The "Solving Mysterious Relativity Paradox" theory is a new derivation of the famous equation E=mc^2, which was originally proposed by Albert Einstein in his theory of special relativity. This theory aims to provide a deeper understanding of the relationship between energy and mass, and how it is affected by the principles of relativity.
This new derivation takes into account the concept of "hidden momentum," which was not included in Einstein's original equation. This hidden momentum accounts for the momentum of the electromagnetic field in addition to the momentum of the particles themselves. By including this hidden momentum, the equation becomes more accurate and can better explain certain phenomena.
This new derivation was discovered by a team of scientists who were studying the behavior of particles in high-energy collisions. Through their research, they were able to uncover the concept of hidden momentum and incorporate it into the equation, resulting in a more comprehensive and accurate understanding of the relationship between energy and mass.

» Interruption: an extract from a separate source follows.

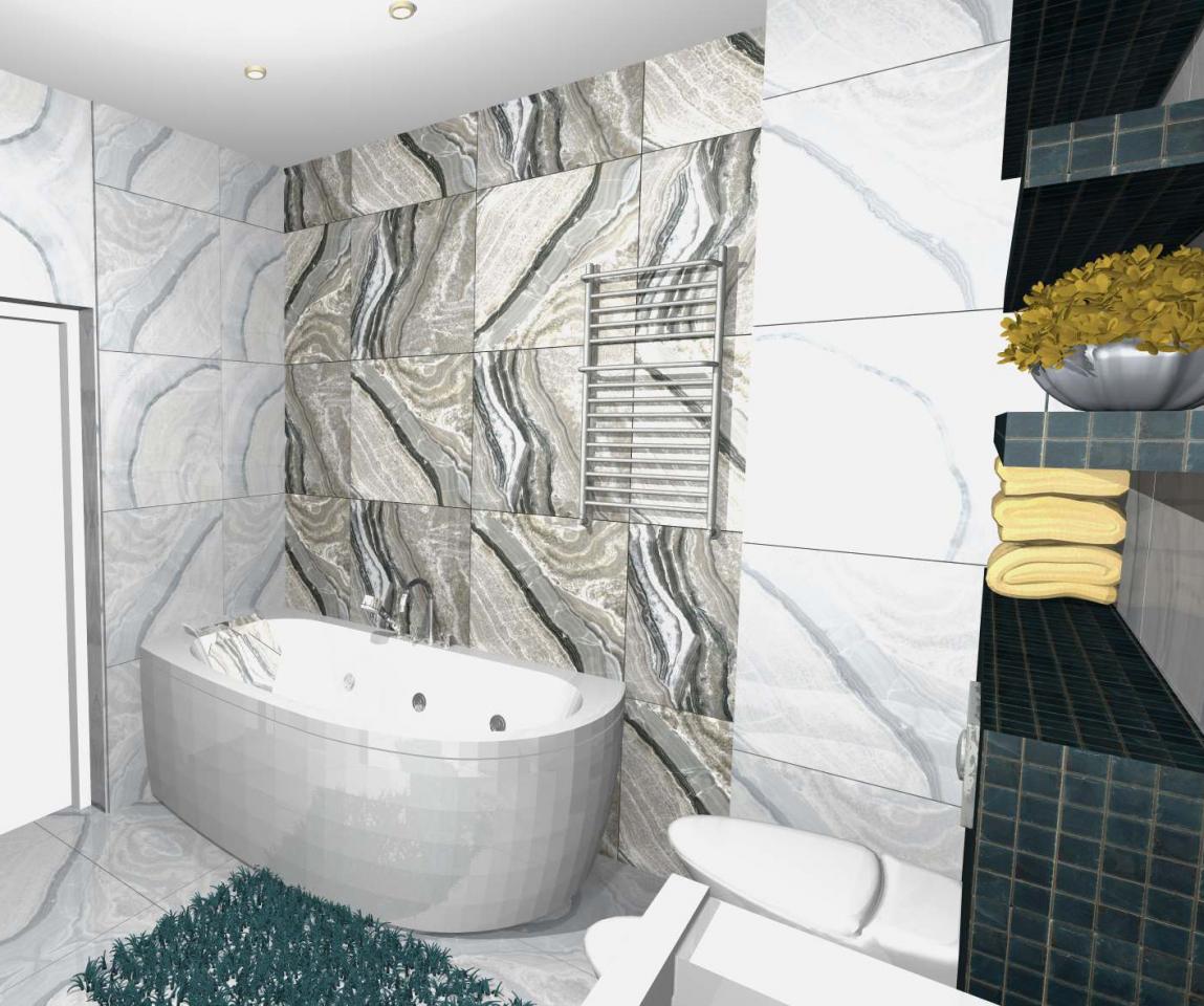 Основной цвет (кроме белого) - цвет морской волны и, к тому же, изображения или даже просто небольшие намёки на волны встречаются по всей квартире. В том числе, заслуживает внимания и яркий акцент в гостиной в виде панно на всю стену из 3Д-панелей с рисунком, имитирующим волны.

This new derivation could potentially lead to a better understanding of the behavior of particles at high energies, which could have implications for fields such as particle physics, cosmology, and energy production. It could also lead to further developments in the study of relativity and potentially open up new avenues for research in this area.
As with any scientific theory, there may be limitations or areas that require further research and refinement. This new derivation is still in its early stages and will likely undergo further scrutiny and testing in the scientific community. Additionally, it may only apply to certain scenarios and may not be a universal explanation for all cases involving energy and mass.